閱讀余秋雨《山居筆記》中<遙遠的絕響>之心得報告


作者簡介:
余秋雨,大陸著名美學專家。一九四六年生,浙江餘姚人。作者原為上海戲劇學院院長,卻穿州過省,追逐他自己所謂的「人文山水」,反省中國文化,並寫下三十多編幾千字的散文,結集成《文化苦旅》一書裡,此書在台北出版後,榮獲一九九二年聯合報「讀書人」最佳書獎;金石堂一九九二年最具影響力的書;誠品書店一九九三年一月「誠品選書」。後來在《山居筆記》中,更動輒以一二萬字來談論一個中國文化課題,故有人稱他的散文為「文化大散文」,因他的文章已跳出了一般散文身段輕盈的特色。

內容概述:
《山居筆記》中的<遙遠的絕響>這篇是介紹魏晉時期-「這是一個真正的亂世」-的知識份子在殘酷的政治中放達不羈的「風流、風度、風神、風情、風姿……」與其所造成的影響(本篇所詠懷的主角特別著墨於阮籍、嵇康兩人)。這些在生命的邊緣上艱難跋涉的人物,似乎為整部中國文化史做了某種悲劇性的人格奠基,「像一陣怪異的風,早就吹過去了,卻讓整個大地保留著對它的驚恐和記憶。」因此他說:「有過他們,是中國文化的幸運;失落他們,是中國文化的遺憾。」

心得與討論:
在讀完<遙遠的絕響>這篇後,對於魏晉這個特別時代感到非常地嚮往,但也有一絲畏懼。
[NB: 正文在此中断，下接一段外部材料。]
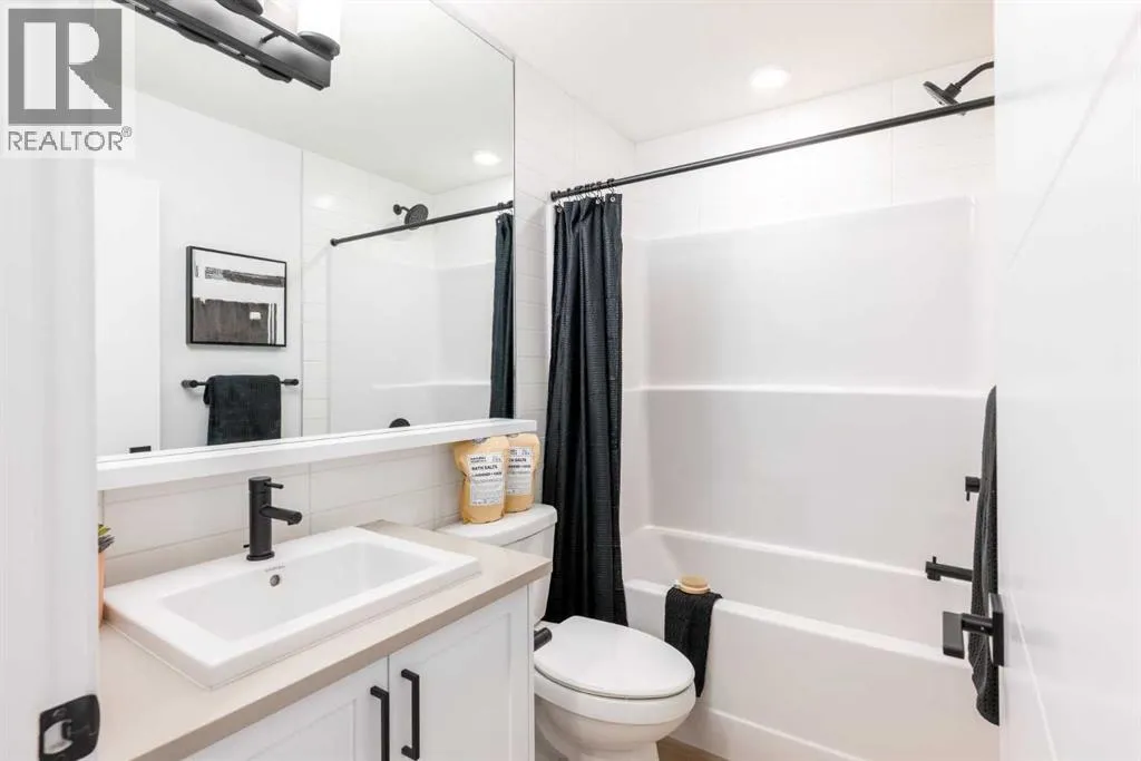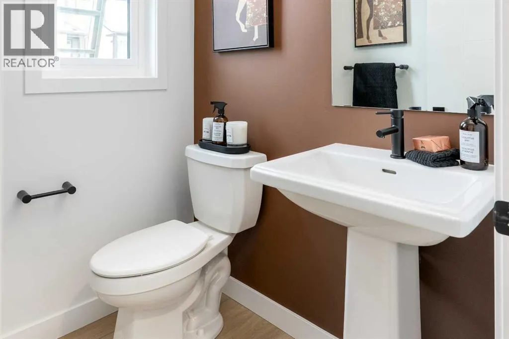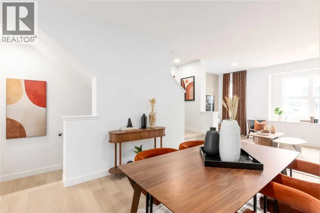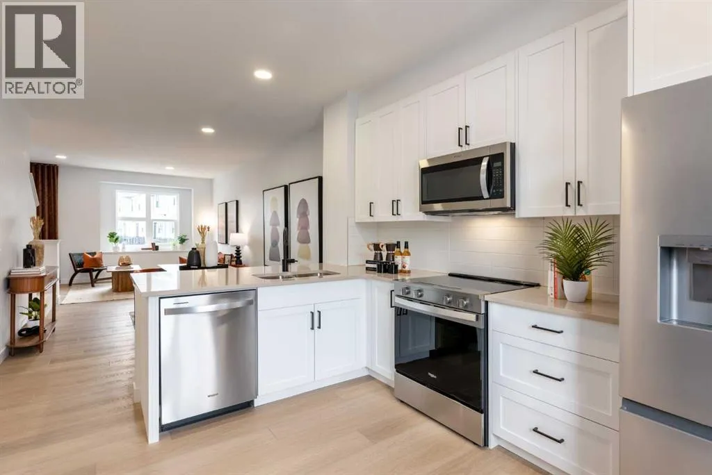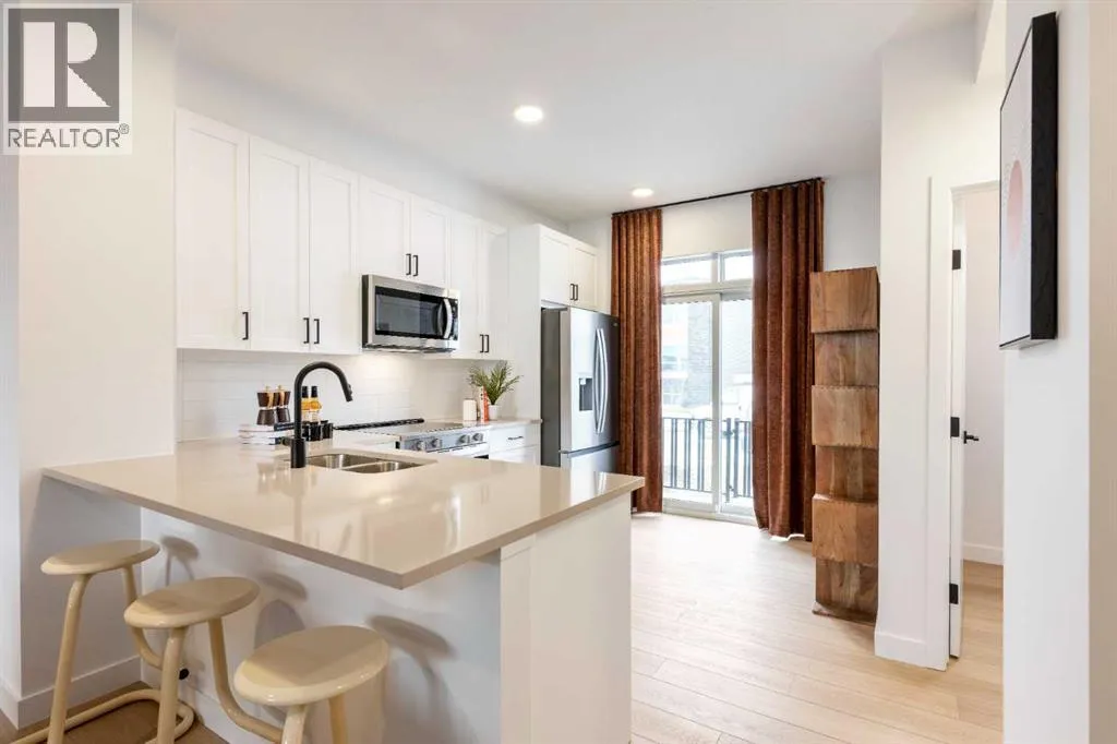 ALPINE PARK IS ONE OF THOSE COMMUNITIES PEOPLE TALK ABOUT AFTER THEYâVE WALKED IT. Wide boulevards, architecture that actually has personality, and a growing village centre designed to bring daily life close to home. If youâve been watching it take shape and waiting for the right opportunity to get in, this THREE-STOREY Jasmine model at 303, 437 Alpine Avenue SW deserves a closer look.This BRAND-NEW Homes by Avi townhome offers 1,285 square feet of thoughtfully arranged living space across three levels. The east-facing entry opens to a clean, practical ground floor with a welcoming foyer, interior access to the home, and a DOUBLE ATTACHED TANDEM GARAGE that stretches nearly forty feet deepâplenty of room for two vehicles plus bikes, seasonal gear, or the kind of storage every household eventually accumulates. And with construction complete, possession can happen on your timeline.Upstairs is where the home really opens up. The main living level connects the kitchen, dining, and living spaces in one BRIGHT, EASY-FLOWING LAYOUT designed for real everyday life. QUARTZ COUNTERTOPS, a contemporary tile backsplash, pantry storage, and a GENEROUS BREAKFAST BAR give the kitchen both presence and practicality. Just off the dining area, a WEST-FACING BALCONY spans more than sixteen feetâwide enough for a proper outdoor setup and perfectly placed for quiet morning coffee or relaxed evening meals above the street.The top floor keeps the private spaces thoughtfully separated. The primary bedroom includes a walk-in closet and a streamlined three-piece ensuite, while the second bedroom also enjoys its own walk-in closet and convenient access to another full bathroom. A FLEXIBLE DEN sits between the bedroomsâideal for a home office, reading nook, workout space, or nurseryâand the laundry room is right where you want it: upstairs, close to the bedrooms.Outside, the exterior architecture blends MODERN MATERIALS AND CRISP LINES that fit perfectly with Alpine Parkâs design-forwa rd streetscape. Step beyond the front door and youâre surrounded by PARKS, PATHWAYS, AND GREEN BOULEVARDS, with the future Village Centre set to bring cafés, shops, and neighbourhood energy just minutes away.The home is finished. The keys are waiting. Come see what life in Alpine Park is starting to look like. ⢠PLEASE NOTE: Photos are of a SHOWHOME of the same model â fit and finish may differ. Interior selections and floorplans shown in photos. (id:27476)

為什麼這麼說呢?因為在一千七百年前,離百家爭鳴的春秋時代過了500多年,封建社會的圍城還遠遠沒有合攏,陽氣還在、朝氣還在、銳氣還在!無論有多少“混亂”“血腥”,我們都敢斷言,那個時代尊重知識,崇尚個性。若不如此,哪會有“傲然獨得、任性不羈”的阮籍?哪會有“剛腸疾惡、輕肆直言、遇事便發”的嵇康?哪會有《與山巨源絕交書》這樣驚世駭俗的篇章、《大人先生傳》這樣逍遙廣大的奇文?阮籍怎麼敢罵遍滿朝君臣“君立而虐興,臣設而賊生,坐制禮法,束縛下民”,嵇康怎麼敢說統制者“憑尊恃勢,不友不師,宰割天下,以奉其私”?這一代名士,又怎麼能異軍突起,成為空前絕後的雕像?因此,這是個特別的時代,若在今天,您敢效尤嵇康而到台北市郊區打鐵嗎?敢到鄰居家“眠其婦側”嗎?不敢!或許您會說時代不一樣了,是不可同日而語的。是的,時代變了,人心也變軟弱了,再也沒有所謂的道德勇氣,有的只是自私自利、畏怯懦弱,即便是「呼聲」最高的立法院,也流於世俗的謾罵,極盡尖酸刻薄之能事……因此,沒有了驚世駭俗的篇章、沒有逍遙廣大的奇文,當然,也不可能出現像嵇康那般為朋友的受到誣陷而寫出對呂巽的強烈躂伐,然而,嵇康因而被捕了,罪名是:不孝者的同黨。這便是我所畏懼的。

結論:
有讀過余秋雨《文化苦旅》與《山居筆記》的讀者一定會感覺到作者的文筆很能讓讀者觸動心弦,因為他將中國悠久豐富的文化和歷史緊密地結合在一起,竟產生了一種魔力,讓習於以客觀、漠然態度面對歷史的人們,有一種對歷史的全新領略,在不自覺中,我們讀史的方法有了新的觀點:我們可以從「人本」的角度去面對歷史,當我們以生命去思考、度量古人的感情與想法,那些陳年舊事忽然都活起來了,古人不再只是蠟像館裡的模型,而是鮮明得像周遭的人,自此,歷史才與我們的生命發生關連,歷史也有了意義。這個結論,若是到此結束,則屬於四平八穩、中規中矩的一篇報告結論,然則,我也學了魏晉士人般的特立獨行、那般桀驁不馴,是故還不能結束。對於阮籍和嵇康這兩個人的性格比較、及其因而產生的友情交流、嵇康對朋友的選擇與放棄之內心情感的澎湃起伏……都是原本剛看完書時內心感動而想要討論的,然而,在不知不覺中,這些題目已經被我遺忘了,遺忘了?不!我怎麼可以遺忘!因為「後英雄時代」的他們,「即使是再冷僻的陋巷荒陌,也會因震懾、崇拜、窺測、興奮而變得炯炯有神。」雖然我欣賞嵇康,但我更佩服阮籍,大概是受老子的影響太深了吧!於是停下、結束,只剩遙想,因為遙遠,我默默地讓它成為絕響。